The Blue Raiders finished the season 11–21 overall, 8–10 in C-USA play, to finish in a four-way tie for ninth place. In the C-USA tournament, they were defeated in the first round by UAB.

== Previous season ==
The Blue Raiders finished the 2017–18 season 25–8 overall, 16–2 in C-USA play, to win the regular season championship. In the C-USA tournament, they were defeated in the quarterfinals by Southern Miss in overtime.

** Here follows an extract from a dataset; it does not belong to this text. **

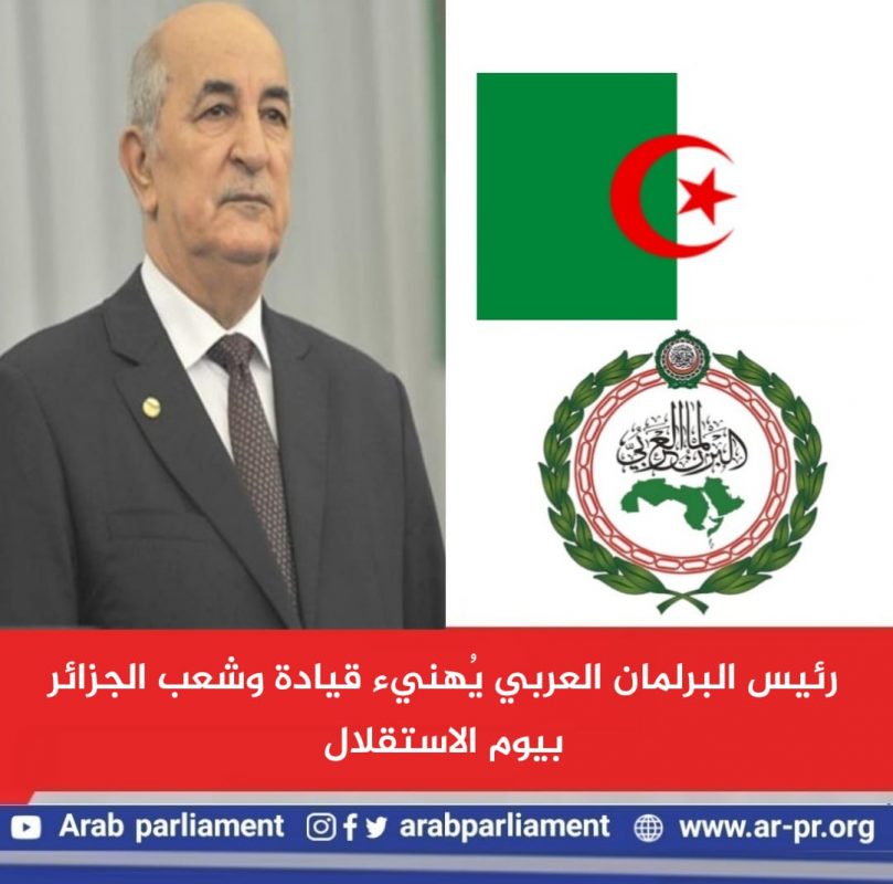 وأكد رئيس البرلمان العربي أن يوم الاستقلال في الجزائر يمثل دائماً حدثاً وطنياً نبيلاً، يعزز الوحدة الوطنية ويرسخ الشعور بالانتماء للوطن، ونستحضر فيه التضحيات الباسلة، التي قدمها الشهداء الأبرار من أبناء الشعب الجزائري، وسطَّرها التاريخ بدمائهم الطاهرة، طوال مسيرة كفاحهم المُشرِف ضد الاستعمار، ومن أجل نيل الحرية والاستقلال.

As a regular-season conference champion who failed to win their conference tournament, the Blue Raiders received an automatic bid to the National Invitation Tournament, where they defeated Vermont in the first round before losing to Louisville in the second round.

The season marked the first time in the program's history that the Blue Raiders were ranked in the AP Top 25 during the season, coming in at No. 24 on the week of February 19.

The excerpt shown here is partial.